Strickland besloot om regisseur te worden na het zien (en hóren) van Eraserhead, en het is dan ook niet verwonderlijk dat BSS - meer nog dan het een ode is aan de Italiaanse giallo - de sfeer ademt van het werk van David Lynch (er is natuurlijk wel een directe lijn te trekken van bijvoorbeeld Dario Argento’s Suspiria naar de droomwerelden van Lynch). Voor wie hem op het festival gemist heeft: de film zal eind april uitgebracht worden in de Nederlandse filmhuizen. Het interview met Strickland kunt tezijnertijd in Zone lezen.
Takashi Miike
30-01-2013 15:30 Doelen Jurriaanse Zaal
Toen in Battle Royale (Kinji Fukasaku, 2000) Japanse scholieren ertoe werden aangezet elkaar te vermoorden, leidde dit even originele als gruwelijke gegeven tot een hoge publiekswaardering en een instant cultstatus.

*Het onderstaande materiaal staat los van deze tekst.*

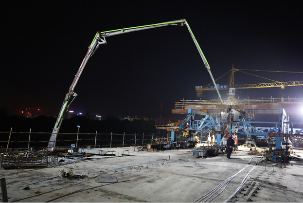 10月24日晚上10點(diǎn)30分至10月25日凌晨2點(diǎn),歷時(shí)三個(gè)半小時(shí),張家界紅壁巖大橋中跨合龍段施工順利完成。此次合龍實(shí)現(xiàn)了紅壁巖大橋主橋貫通,向大橋建成通車邁進(jìn)了重要的一步。目前大橋北岸引橋部分施工正在按計(jì)劃有序推進(jìn),有望于10月底前實(shí)現(xiàn)全橋主體貫通。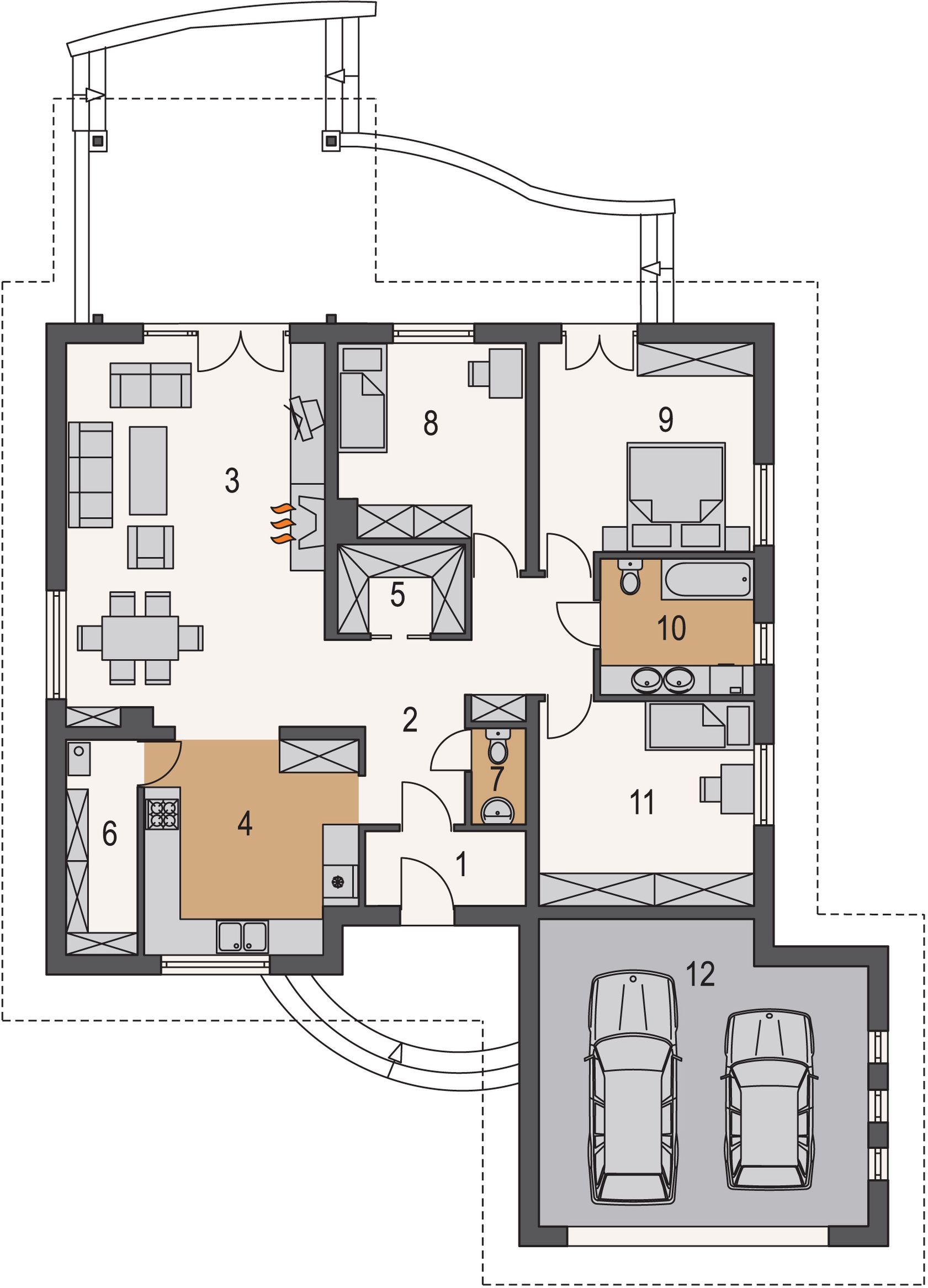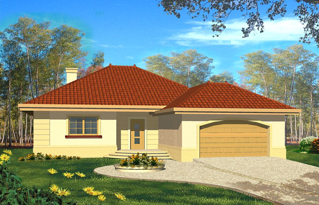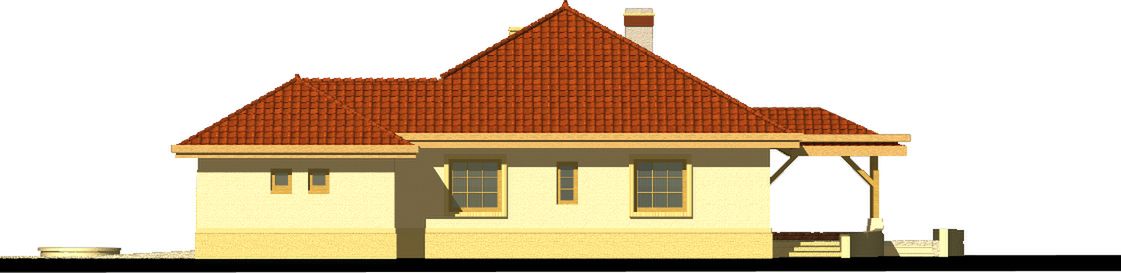 Graficzne opracowanie rzutów poglądowych widocznych na karcie projektu zostało wykonane przez Extradom.pl. Prezentowane przez Extradom.pl wizualizacje wykonane zostały przez autora projektu i należy poczytywać je jedynie za przykład i propozycję wykończenia, wizję architektoniczną autora projektu. Ostateczne wykończenie budynku może nastąpić na wiele sposobów. Szczegółowe rozwiązania zastosowane w oferowanej dokumentacji - w tym również ilość, lokalizacje i wygląd okien, drzwi, kominów - mogą w niewielkim stopniu różnić się od prezentowanej wizualizacji budynku.

Misschien word ik oud, maar wat toen leuk en spannend was, is in Lesson of the Evil van Takashi Miike vooral naar en zinloos. Eigenlijk is vooral het eerste deel erg sterk, waarin de populaire leraar Seiji Hasumi (Hideaki Itô) langzaamaan ontmaskerd wordt als een manipulatieve, gewetenloze massamoordenaar. Waneer de façade scheurt, is er geen reden meer om zich in te houden en moordt hij in een sequentie van drie kwartier (!) tijdens de voorbereidingen van een Halloween-feestje nagenoeg de hele school uit. We zien elk slachtoffer één voor één vallen, en nee, er zit er niet één bij die dat verdiend heeft. Miike houdt van extremen: als hij een lichte film maakt, maakt hij die extreem licht, als hij een gewelddadige film maakt is die extreem gewelddadig. Ditmaal heeft de sympathieke regisseur zijn hand danig overspeeld - elke vorm van ironie ontbreekt. Als aan het einde van de film een handjevol scholieren het tóch overleefd heeft, lichten de woorden ‘To be continued’ op. Dat u het maar weet.
Pablo Berger
28-01-2013 19:30 Pathé 1
Er zijn films die aanvankelijk vooral een leuke binnenkomer lijken in een programma dat nog veel betere films in petto lijkt te hebben, maar die naarmate het festival vordert, een steeds grotere plaats in je hart veroveren - vooral in de context van de andere films. Zulke films groeien in je herinnering, omdat ze zich buiten elk kader plaatsen en een genre op zich vormen. Blancanieves is zo’n film. Het is een geslaagde ode aan de zwijgende film, compleet met tussentitels en zwaar aangezette gezichtsexpressies. De aandacht voor het detail is groot; niet alleen doen de belichting en het camerawerk geheel authentiek aan, ook bijvoorbeeld de make-up van de vrouwen is met groot perfectionisme gedaan. Dat op zich maakt de film niet uniek: met regelmaat worden er zulke geslaagde odes aan de silent movies gemaakt.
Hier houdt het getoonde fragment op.